Wie sich herausstellt, hat auch bei diesem Projekt nicht immer nur die Sonne geschienen, ganz im Gegenteil. Während der Bauphase ist nämlich ein typisches Problem aufgetreten, mit dem wohl jeder Jugendclub gelegentlich zu kämpfen hat: der Generationswechsel. Für den „Nachwuchs“ ging es bei dem Bauprojekt um die Zusammenarbeit und den Spaß an der Sache, sie wollten sich ausprobieren und ihre eigenen Fehler machen und Erfahrungen sammeln. Zwischenzeitlich gab es deswegen Streit mit den alten Hasen vom Vorstand, denen es hauptsächlich um ein gutes Ergebnis ging. Eine richtige kleine Revolution war nötig, damit alle wieder Lust auf das Projekt bekamen und sich an den Bauarbeiten beteiligten.

Jetzt nachdem alles fertig ist, kann man sagen, dass das Projekt die Gruppe echt zusammengeschweißt hat und dass man sich richtig kennen gelernt hat, jede(r) weiß um die Talente der Anderen und man hilft sich gegenseitig bei allen möglichen Gelegenheiten, ganz egal ob es um einen Umzug geht oder darum, das Moped wieder flott zu kriegen. Eins von den Mädels sagt: „Ich weiß jetzt, wen ich ansprechen muss, wenn dies oder das ansteht.“

Apropos Mädels, auch die gängigen Vorurteile wurden abgebaut, die Jungs sagen: „Wir haben gemerkt, dass die Mädels auch ganz schön anpacken können! Die fahren hier Traktor und machen Holz, das ist klasse!“ Klar, alle können hier richtig gut improvisieren, aber die Voraussetzungen stimmen einfach auch. Im so genannten ländlichen Raum hat man schnell Werkzeuge und Maschinen bei der Hand, die man in der Stadt lange sucht.
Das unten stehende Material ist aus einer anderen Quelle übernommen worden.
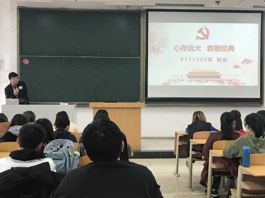 为了激励青年大员工牢固树立共产主义远大理想和中国特色社会主义共同理想,不忘初心、牢记使命,努力奋斗,更好地担负起新时代的历史使命。williamhill中文B171305班于2018年3月15日下午在教4-409教室开展了 “四进四信”、“致敬经典”主题班会。班主任易盈盈老师莅临班会并做重要讲话。

Man kann auch mal Krach machen.

Okay, manchmal meckert dann auch der Nachbar, aber solche Sachen werden von der Gruppe mit Geduld und dem entsprechenden Fingerspitzengefühl geklärt. Das trägt Früchte, denn am Ende ist der Nachbar stolz auf die Jugend, er  macht für sie ein Gruppenfoto während der Bauarbeiten und schenkt es ihnen. Er freut sich doch auch, dass es vorwärts geht und dass die Jugend nicht nur für sich selbst arbeitet.

Etwas ganz Besonderes ist die Offenheit die hier herrscht, man will nicht unter sich bleiben, sondern ist richtig neugierig auf Andere: „Alle sind willkommen. Wir freuen uns, wenn wir hier neue Leute kennen lernen.“ Das merkt man wirklich sofort! Durch diese Einstellung wird der Jugendclub mehr und mehr zu einem gesellschaftlichen Zentrum im Ort, vielleicht sogar in der Region. Auch die Erwachsenen kommen nun gelegentlich vorbei, um die gute Atmosphäre zu genießen. Auspannen im Jugendclub! Das sind ganz neue Perspektiven, die sich da eröffnen. Vielleicht muss bald wieder (an)gebaut werden? Keine schlechte Idee, denn die alte Weisheit: „Der Weg ist das Ziel.“ stimmt hier in jeder Hinsicht.